** ABOUT THIS EXERCISE **
These records contain pictures, which must be left out; copy exactly the lines from the one with "Cypriot brunch includes" up to and including the one with "Shimmery long sleeve sheer top".
[Opening DATA section]
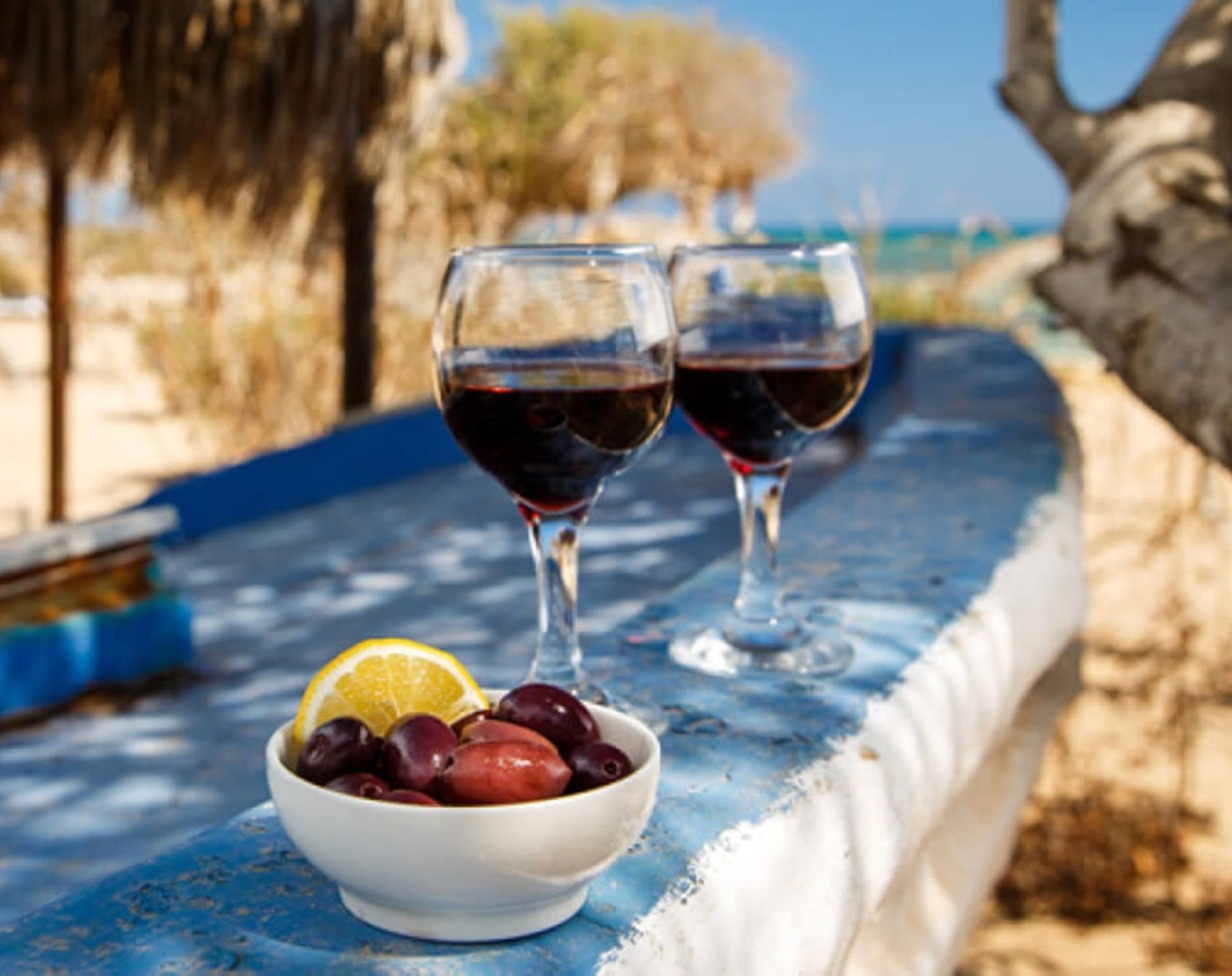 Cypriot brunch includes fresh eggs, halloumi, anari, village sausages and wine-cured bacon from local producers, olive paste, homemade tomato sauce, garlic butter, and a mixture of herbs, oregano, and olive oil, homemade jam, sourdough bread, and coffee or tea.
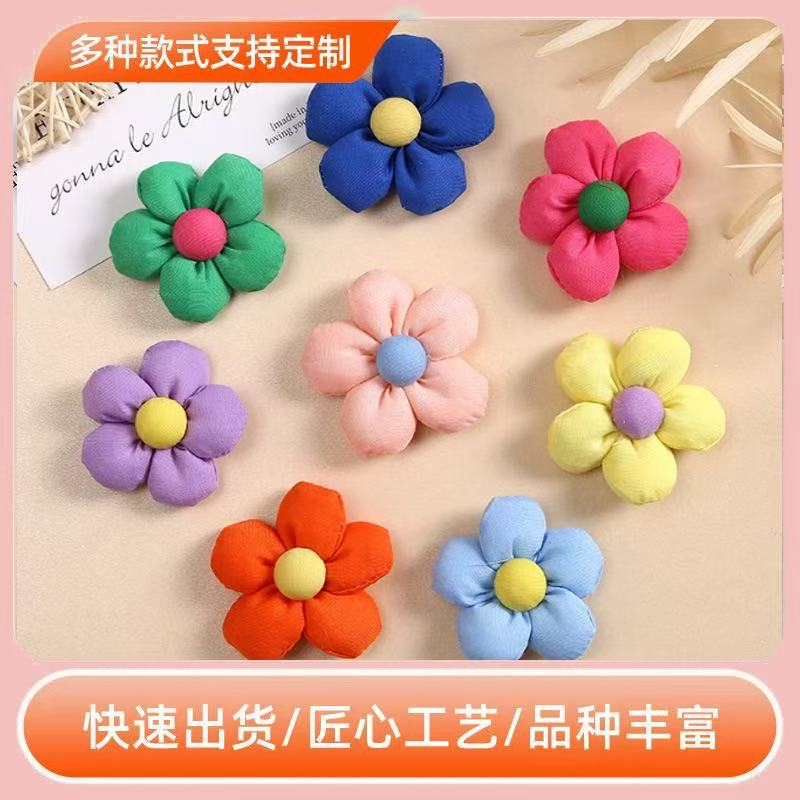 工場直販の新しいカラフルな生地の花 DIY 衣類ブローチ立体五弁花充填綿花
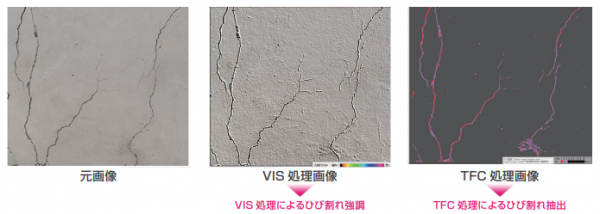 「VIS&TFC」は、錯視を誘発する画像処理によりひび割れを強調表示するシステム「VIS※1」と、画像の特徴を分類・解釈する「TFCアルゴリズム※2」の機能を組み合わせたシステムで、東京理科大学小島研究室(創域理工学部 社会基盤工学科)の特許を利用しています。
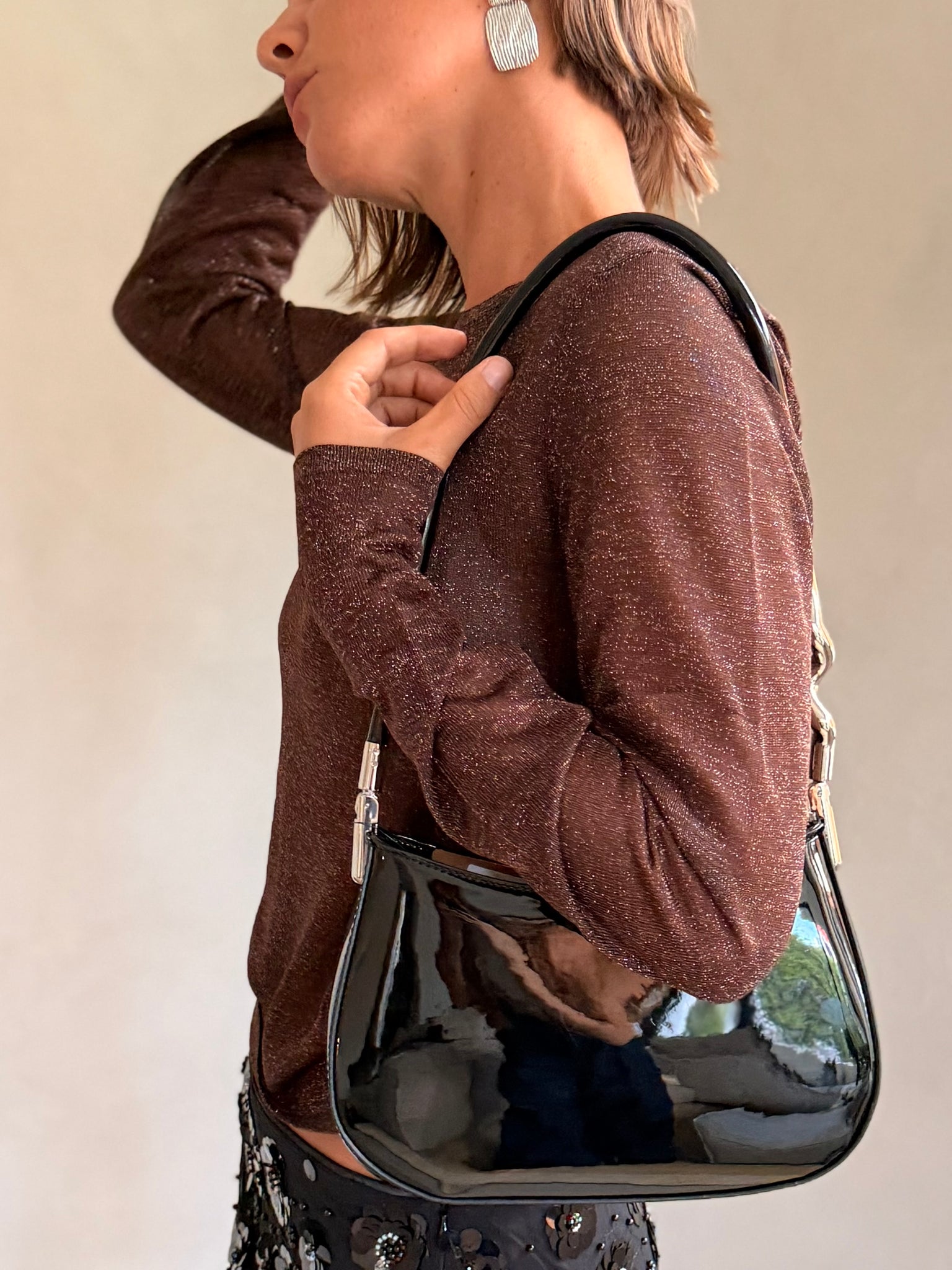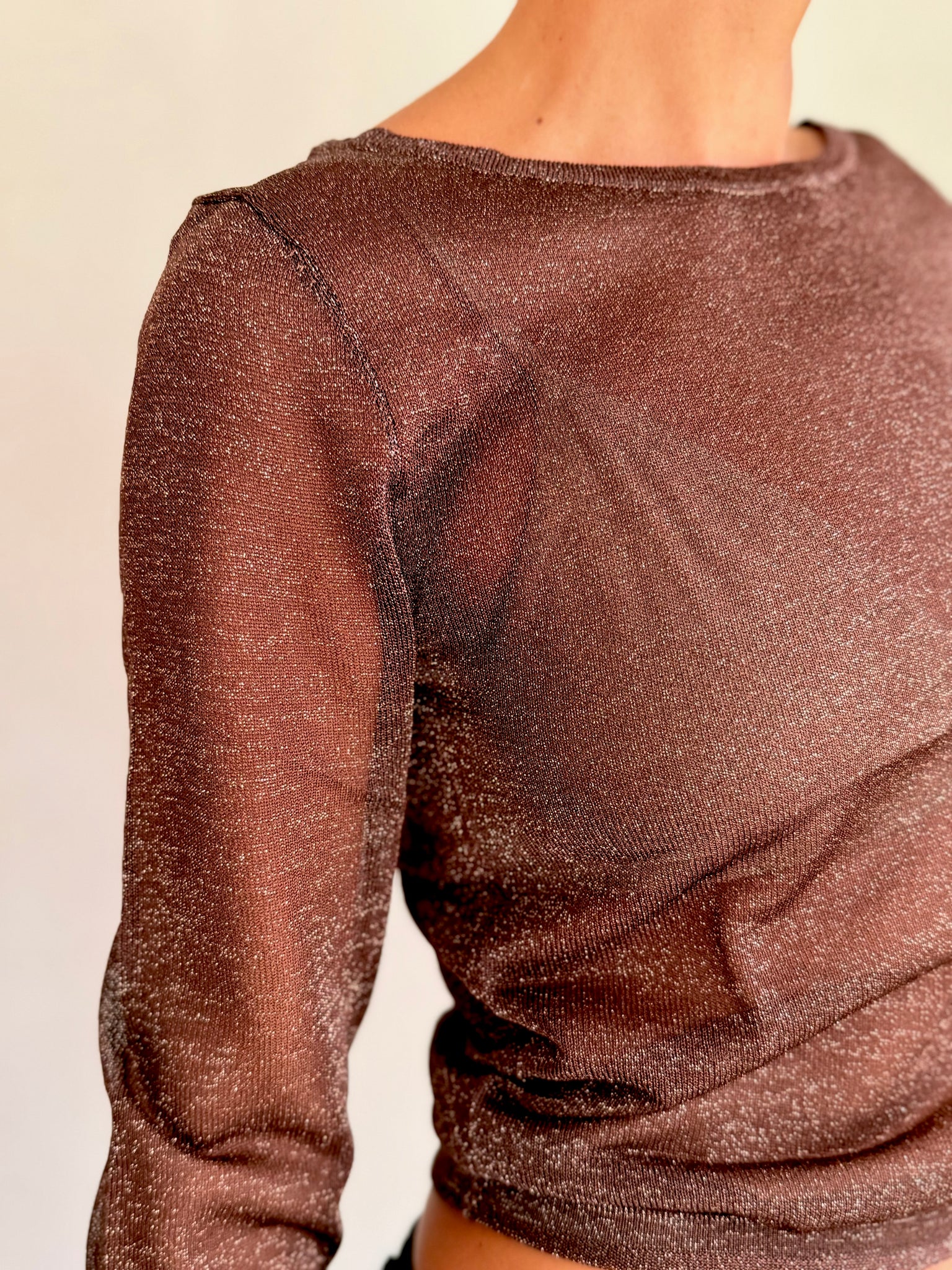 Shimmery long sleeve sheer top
[Closing DATA section]
[Opening DATA section]
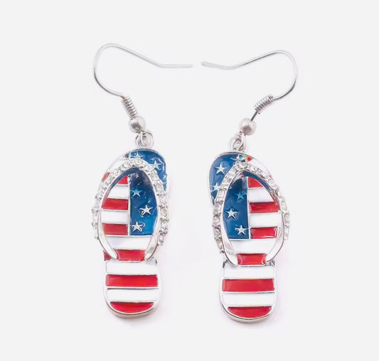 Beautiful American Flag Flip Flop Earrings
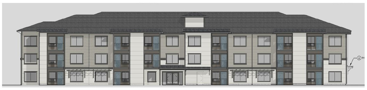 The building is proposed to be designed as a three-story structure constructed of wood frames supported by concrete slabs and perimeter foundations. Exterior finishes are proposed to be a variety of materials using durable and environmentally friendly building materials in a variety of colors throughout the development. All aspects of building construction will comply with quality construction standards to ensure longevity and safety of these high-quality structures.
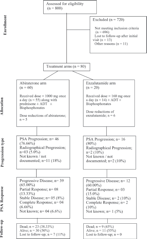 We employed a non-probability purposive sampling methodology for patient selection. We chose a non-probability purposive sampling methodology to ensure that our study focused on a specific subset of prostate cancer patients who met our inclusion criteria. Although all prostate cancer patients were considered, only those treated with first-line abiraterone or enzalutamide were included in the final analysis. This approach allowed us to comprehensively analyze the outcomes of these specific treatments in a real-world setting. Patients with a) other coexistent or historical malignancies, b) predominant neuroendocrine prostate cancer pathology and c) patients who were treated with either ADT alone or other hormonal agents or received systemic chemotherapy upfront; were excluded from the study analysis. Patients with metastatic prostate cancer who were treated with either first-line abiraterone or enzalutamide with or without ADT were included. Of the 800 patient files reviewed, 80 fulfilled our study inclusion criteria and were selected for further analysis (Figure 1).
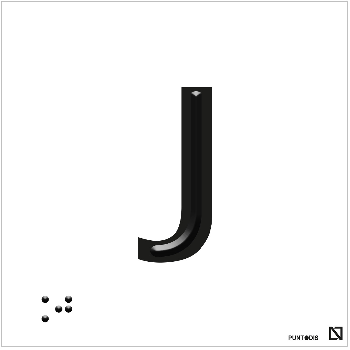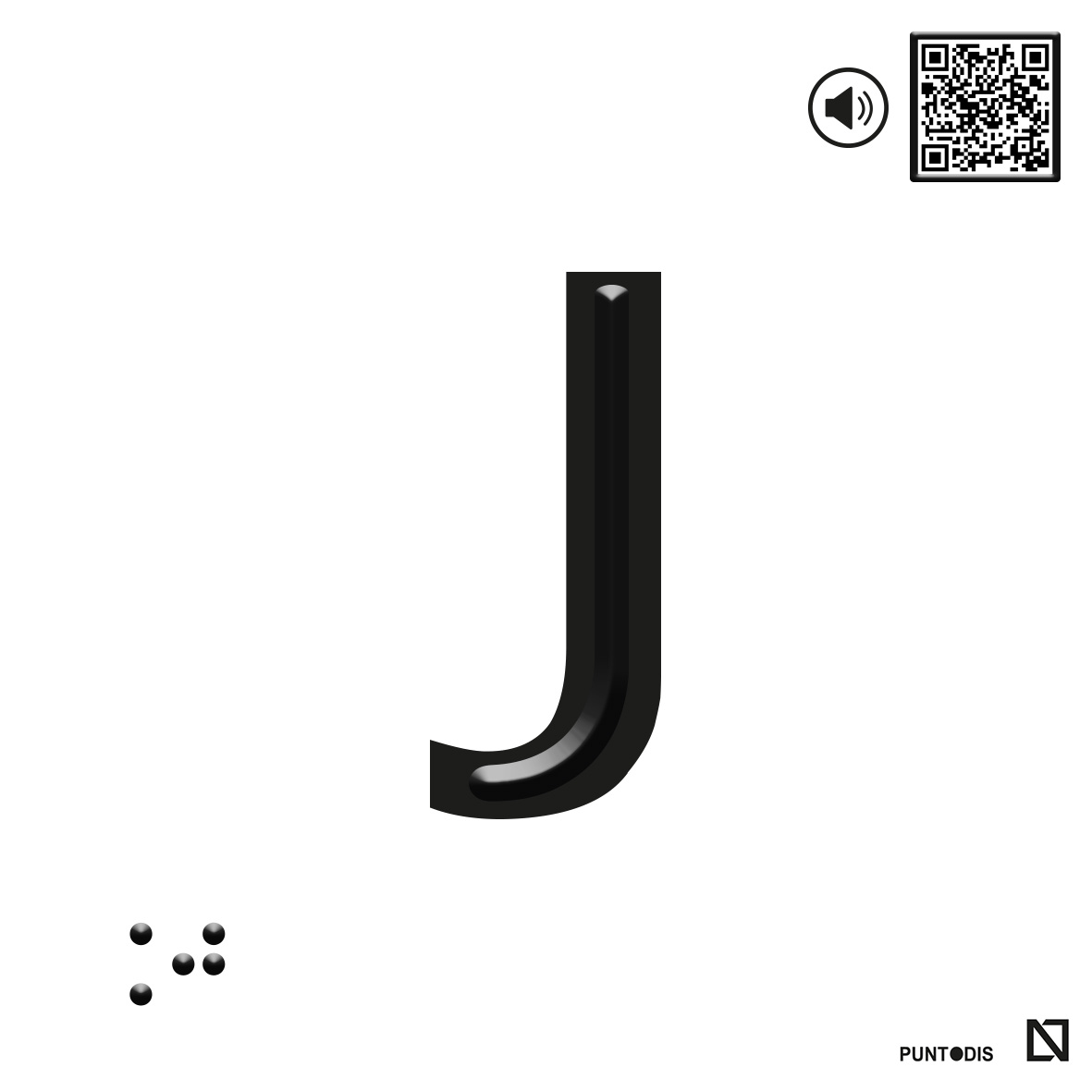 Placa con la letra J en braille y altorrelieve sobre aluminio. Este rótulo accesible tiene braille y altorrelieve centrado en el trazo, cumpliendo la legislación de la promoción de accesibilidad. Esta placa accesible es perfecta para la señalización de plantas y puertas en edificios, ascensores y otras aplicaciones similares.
[Closing DATA section]
** EXERCISE RESULT **
 Cypriot brunch includes fresh eggs, halloumi, anari, village sausages and wine-cured bacon from local producers, olive paste, homemade tomato sauce, garlic butter, and a mixture of herbs, oregano, and olive oil, homemade jam, sourdough bread, and coffee or tea.
 工場直販の新しいカラフルな生地の花 DIY 衣類ブローチ立体五弁花充填綿花
 「VIS&TFC」は、錯視を誘発する画像処理によりひび割れを強調表示するシステム「VIS※1」と、画像の特徴を分類・解釈する「TFCアルゴリズム※2」の機能を組み合わせたシステムで、東京理科大学小島研究室(創域理工学部 社会基盤工学科)の特許を利用しています。
 Shimmery long sleeve sheer top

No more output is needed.